Imagine a family with ten children. Some of the kids may be a little smarter or prettier due to the luck of the draw. But suppose one child of the ten is the beneficiary of a whopping inheritance that affords this fortunate son the ability to drive around in a fancy car, avoid a part-time job, and just be generally smug. It is not hard to imagine how this situation could be highly disruptive to the family unit.
A very similar problem plagues a rather complex family, the Canadian confederation. And the enfant terrible? Not Quebec, as many might guess, but a province that might better be called Saudi Alberta.
While many have proclaimed the secret of Alberta's success to be tax cuts and debt reduction, a closer look reveals that the black ink on the provincial books has everything to do with black gold beneath the surface.
Over the 1990s, resource royalties from the oil and gas sector have netted the Alberta treasury about $3 billion per year. In 1999/00, rising oil and gas prices on world markets led to a $4.7 billion bonanza. This amounted to 27% of total provincial government expenditures of $17.3 billion. Put another way, if you removed resource royalties from the Budget, last year's $2.8 billion surplus would turn into a $2.6 billion deficit.
This year, oil prices have stayed above $30 a barrel, and look to remain high in the short-term. The price of natural gas has almost doubled since Budget time. The resulting windfall for Alberta's treasury in 2000/01 is estimated at $8.5 billion--or just under half of total provincial expenditures. Alberta advantage indeed.

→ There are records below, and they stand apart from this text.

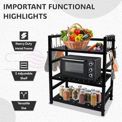 Be the first to review “3 – Tier Microwave Stand for Kitchen Platform – Oven Stand with 2 Height Adjustable Shelf & 8 Storage Hooks – Easy to Clean Multi-Purpose Microwave Rack for Kitchen, Oven Rack for Office”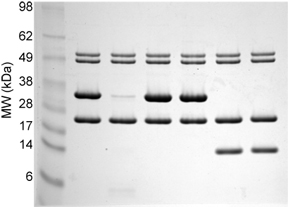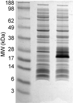 Sample bis-Tris MES-Tris Gels The first gel is of purified proteins. The second gel is of total E. coli lysate with and without an induced protein. Note the broad separation range of the molecular weight markers.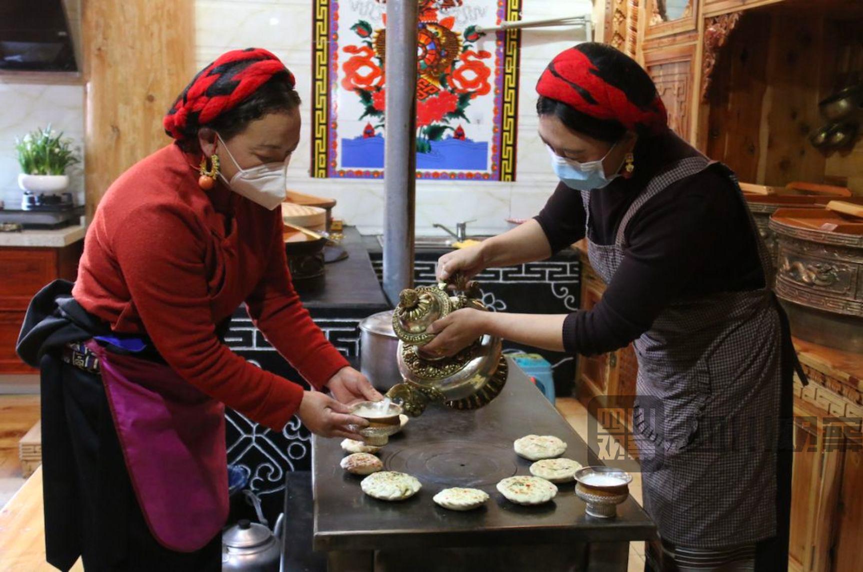 清晨,道孚县鲜水镇团结二村村民降泽正在屋顶煨起桑烟。降泽许下新年愿望,祈求疫病消除、家人平安吉祥。 厨房里,女人们忙了起来,生火、揉面、和馅、压花、贴叶、炕制、点红......亚玛青初和妹妹仲呷在家做起了“花馍馍”。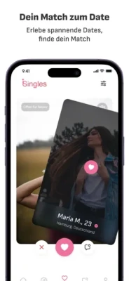 In the iSingles MatchGame, you see profiles of singles from your area. Swiping is super easy: if you like what you see, swipe right; otherwise, swipe left. If you have a match, you can start a conversation immediately. This feature is ideal for playfully getting to know singles and having fun at the same time!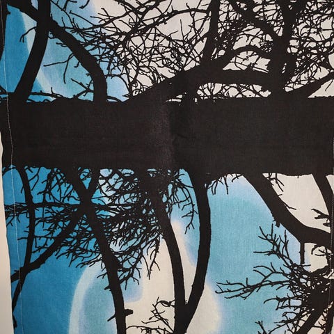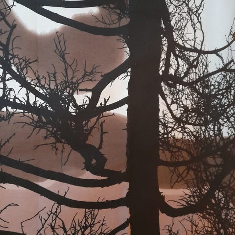 Vallilan kelohonka -kangasta väriltään lila / liila / violetti. Paloja on kaksi kappaletta. Ompele näistä vaikka tyynyjä. Ovat ilmeisesti ylijäämiä normaalikokoisen verhon lyhentämisestä.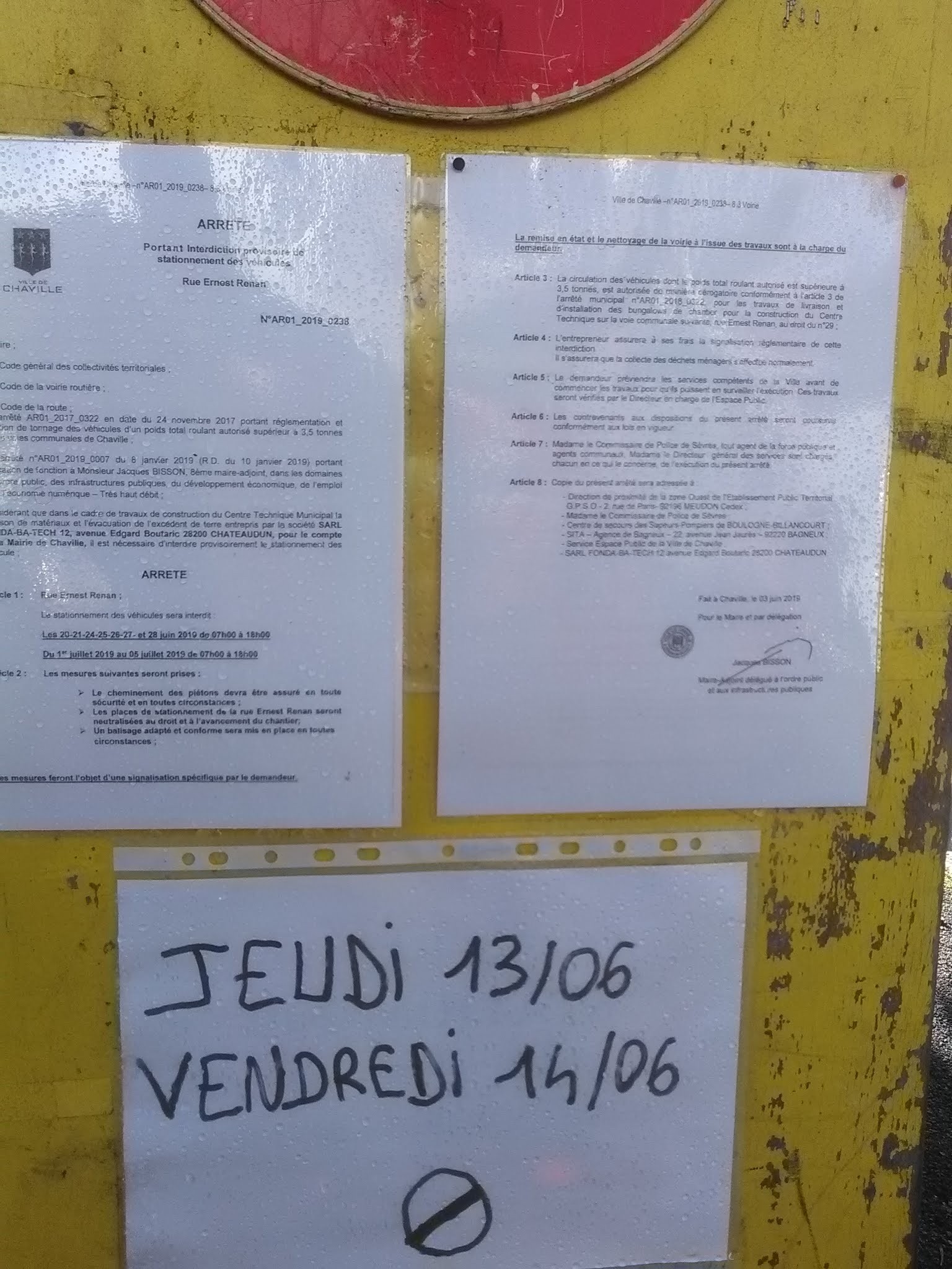 Ne respecte pas les horaires autorisant des travaux arrêtés par la mairie de Chaville, ni les jours d'interdiction de stationner pris par arrêté municipal du 3 juin 2019 par cette même mairie maître d'ouvrage rue Ernest Renan à Chaville . Camions roulant beaucoup trop vite sur un site dont les trottoirs ont été neutralisés pour les travaux.

Albertans now contemplate the day when their wildest dreams will be funded by petro-dollars. The province is already the only one without a provincial sales tax. Talk of late is about slashing corporate income tax rates by half, and even eliminating personal income taxes altogether. While these ideas are still a pipe dream, this year's bounty has made such massive tax cuts a serious topic of conversation.
What is of concern is that Alberta is engaging in what economists call "beggar-thy-neighbour" policies with regard to taxes. As they drive tax rates down, other provinces feel compelled to follow, so that businesses are not lured away to the oil patch. The OECD recently raised a red flag about such bidding wars, warning against "harmful tax competition" (in the context of national tax policies). This behavior fails to produce new investment, but rather, merely pits jurisdictions against one another, to the benefit of mobile corporations.
From the perspective of Canadian federalism, this is a big problem. If other provinces feel compelled to follow Alberta to stay "competitive", they risk seriously underfunding public services. Most provinces are not as blessed as Alberta with oil and gas; BC and Saskatchewan have some, a boost to their provincial coffers, but BC is the land of trees, and Saskatchewan of farms. Other provinces, apart from Ontario (with its massive manufacturing base), just cannot compete in this race to the bottom.
All of this means that Alberta is exporting more than just oil, but its political agenda as well. This is clearly the case with Alberta's new flat income tax of 10.5%. Alberta is pushing other provinces to deliver big tax cuts for the wealthy, even if it means gutting public services. The result will be rising tuition for post-secondary students, rising user-fees for health care, and the continuing privatization of public services generally.
At one time, sentiments of national unity bound Canadians together. The federal government made moves to share the wealth across this diverse country through equalization payments and regional development programs. Here the Alberta agenda lurks again, in the form of Alberta's homegrown Alliance Party, which wants to eliminate regional development programs and radically decentralize the country. Such a move will only reinforce all of the above trends.
So what are we going to do about Saudi Alberta? It is tempting to call for a new National Energy Program to share the booty, even if it risks escalating Western alienation. But this would likely run afoul of NAFTA. Another alternative might be to revitalize the structure of equalization payments to better ensure that provinces are not pitted against each other.
On the other hand, Alberta will get $1.4 billion this year in transfer payments from Ottawa. If Alberta refuses to take a cooperative approach to maintaining national standards, perhaps the federal government should simply cut off Alberta's allowance.